## AIM OF THE EXERCISE
Within the listing below, give again exactly the lines between the one containing "Giuseppe Mazzolani (1842-1916)" and the one containing "Diarrhea Awareness Week", inclusive, pictures left aside.

## COLLECTED DATA
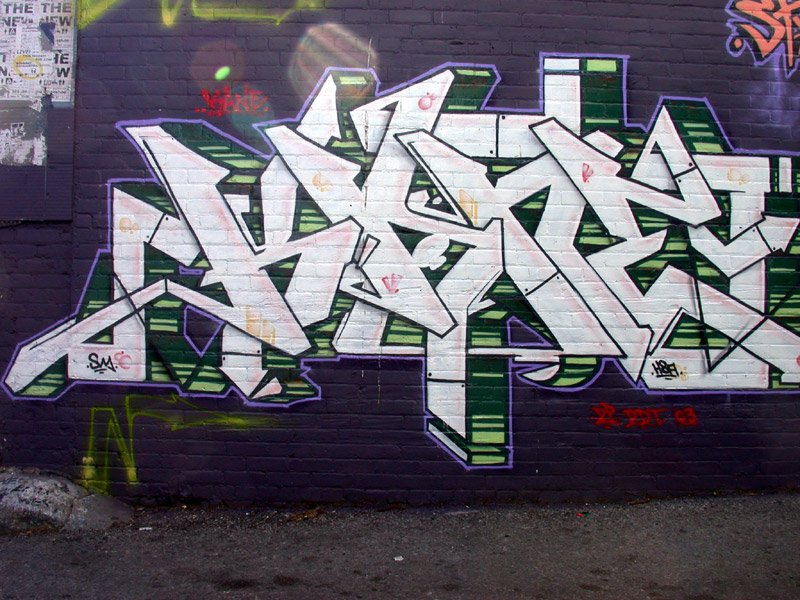 Notes:This back alley area was covered with pieces. This is the opposite wall to College and Bathurst Alley Mural (1).
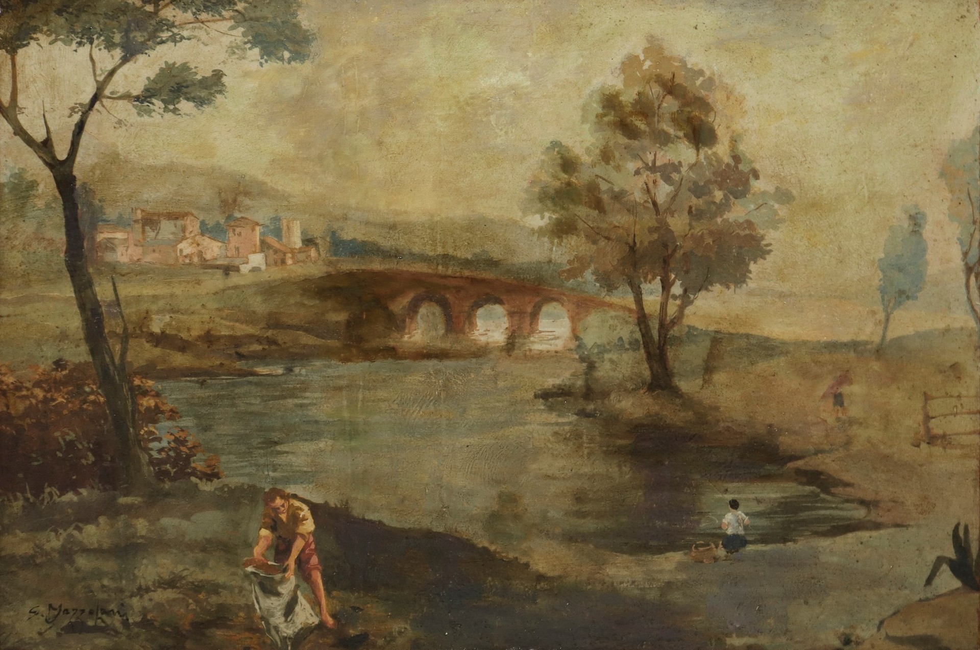 Giuseppe Mazzolani (1842-1916) - Paesaggio con figure
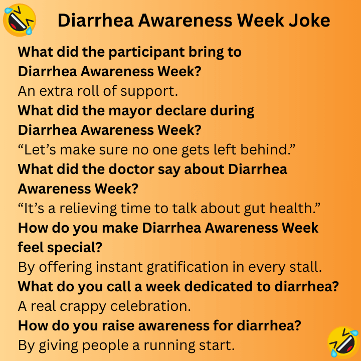 Diarrhea Awareness Week jokes add a satirical edge by blending humor with mock seriousness. These jokes highlight how humor can be used to reduce stigma and encourage open discussion—while still keeping things funny.
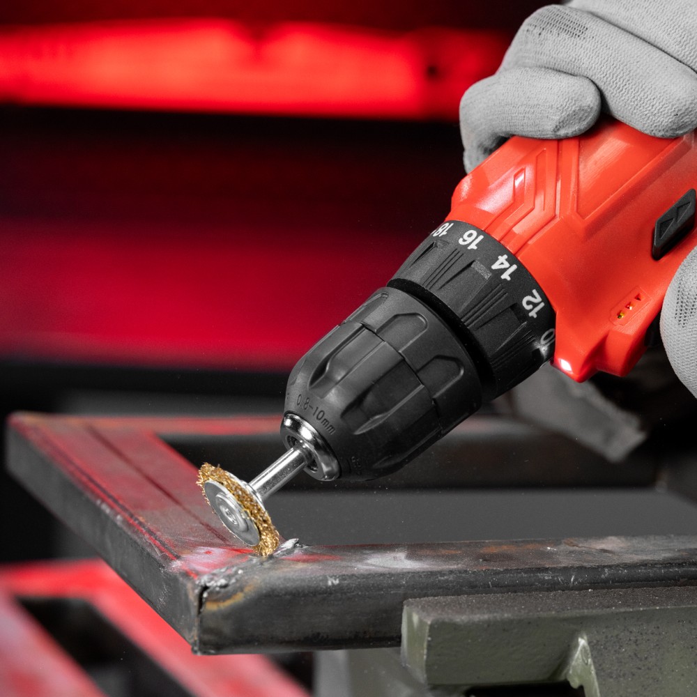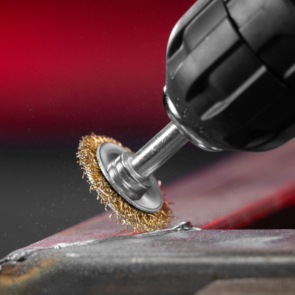 Плоская щетка для дрели Matrix 74440 диаметром 30 мм, со шпилькой и щетиной из латунированной витой проволоки, предназначена для бережной очистки металлических, деревянных, пластиковых поверхностей от загрязнений, старых лакокрасочных материалов и ржавчины. Витая проволока диаметром 0,3 мм проникает в труднодоступные места: пазы, углы, изгибы, узкие участки. Насадку применяют для придания поверхности нужной шероховатости или подчеркивания структуры материала. Хвостовик диаметром 6 мм устанавливается в патрон электродрели, способной работать на рекомендуемой скорости 4500 об/мин. Во время работы следует использовать защитные очки, респиратор, наушники, спецодежду и обувь.ПреимуществаПрочность и долговечность — щетина изготовлена из высококачественной стальной проволоки.Защита от разрушения — корпус оцинкован, щетина латунирована для защиты от коррозии.Гарантированная надежность — оснастка произведена на крупном заводе под строгим технологическим контролем.Широкая область применения — щетка пригодится на строительной площадке, на производственном предприятии, а также будет полезна в быту.

## RESPONSE TO THIS TASK
 Giuseppe Mazzolani (1842-1916) - Paesaggio con figure
 Diarrhea Awareness Week jokes add a satirical edge by blending humor with mock seriousness. These jokes highlight how humor can be used to reduce stigma and encourage open discussion—while still keeping things funny.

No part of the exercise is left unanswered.